■ What is being asked ■
In the material below, find the line containing "Yapılan aramada, çok" and the line containing "The Pay Later". Output those two lines and all lines between them exactly, without pictures.

■ Provided data ■

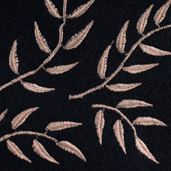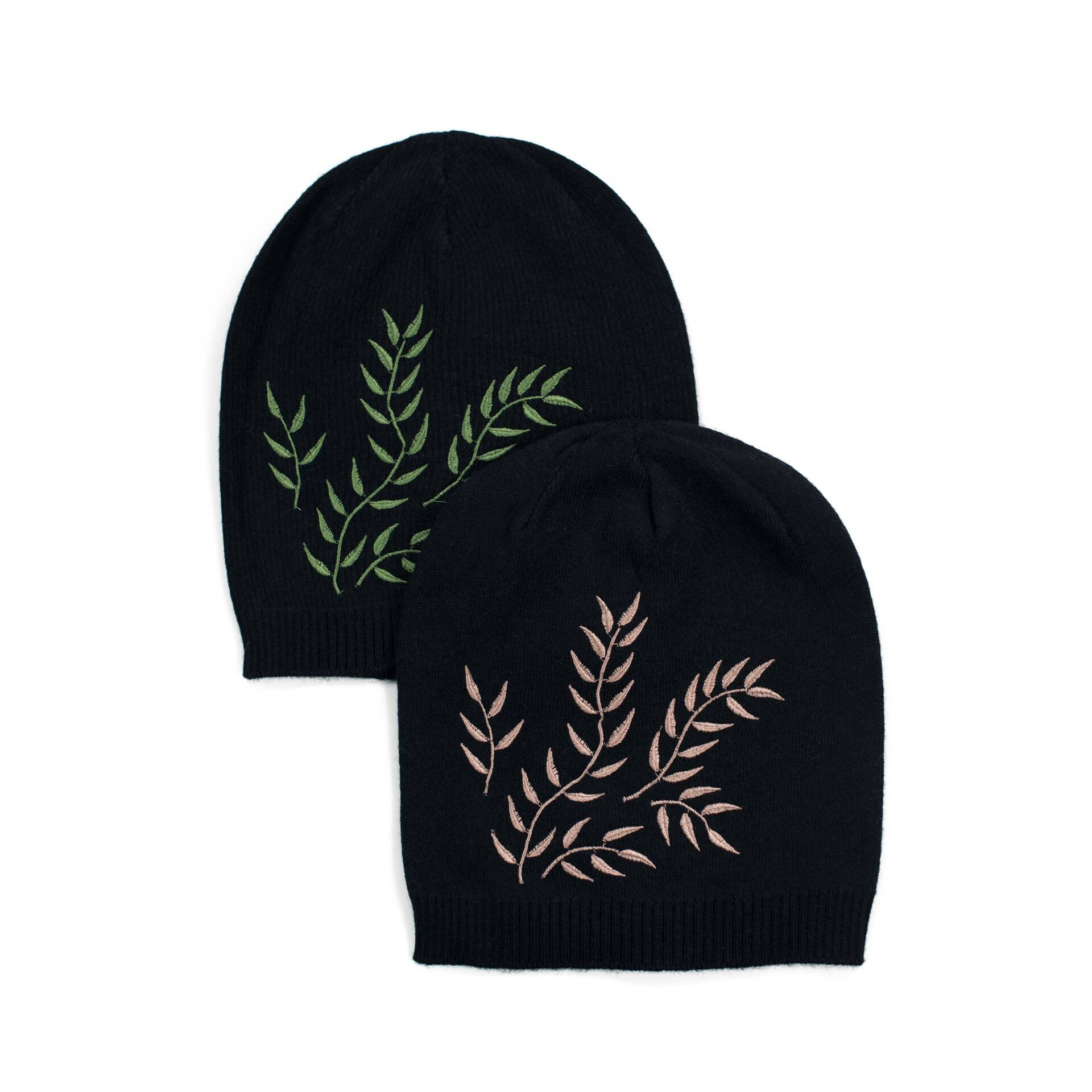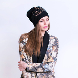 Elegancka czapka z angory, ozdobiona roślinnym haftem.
---
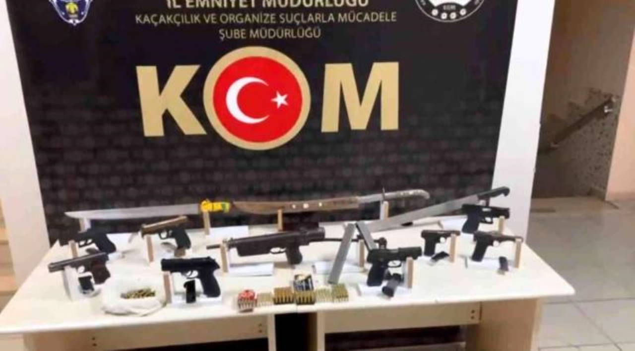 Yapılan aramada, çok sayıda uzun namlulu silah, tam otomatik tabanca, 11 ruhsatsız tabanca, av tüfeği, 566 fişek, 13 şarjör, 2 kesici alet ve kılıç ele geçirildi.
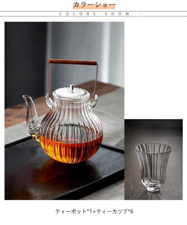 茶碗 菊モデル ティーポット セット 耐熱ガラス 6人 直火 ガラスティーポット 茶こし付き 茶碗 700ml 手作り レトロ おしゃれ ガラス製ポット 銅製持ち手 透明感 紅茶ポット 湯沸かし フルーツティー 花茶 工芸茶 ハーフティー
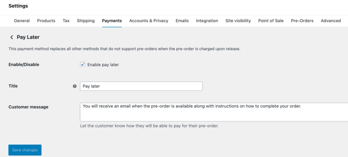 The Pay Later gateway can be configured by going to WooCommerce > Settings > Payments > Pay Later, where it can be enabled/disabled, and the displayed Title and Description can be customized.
* * *
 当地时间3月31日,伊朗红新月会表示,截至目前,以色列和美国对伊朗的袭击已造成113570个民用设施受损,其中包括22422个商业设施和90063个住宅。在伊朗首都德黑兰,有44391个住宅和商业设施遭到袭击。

■ Result of the task ■
 Yapılan aramada, çok sayıda uzun namlulu silah, tam otomatik tabanca, 11 ruhsatsız tabanca, av tüfeği, 566 fişek, 13 şarjör, 2 kesici alet ve kılıç ele geçirildi.
 茶碗 菊モデル ティーポット セット 耐熱ガラス 6人 直火 ガラスティーポット 茶こし付き 茶碗 700ml 手作り レトロ おしゃれ ガラス製ポット 銅製持ち手 透明感 紅茶ポット 湯沸かし フルーツティー 花茶 工芸茶 ハーフティー
 The Pay Later gateway can be configured by going to WooCommerce > Settings > Payments > Pay Later, where it can be enabled/disabled, and the displayed Title and Description can be customized.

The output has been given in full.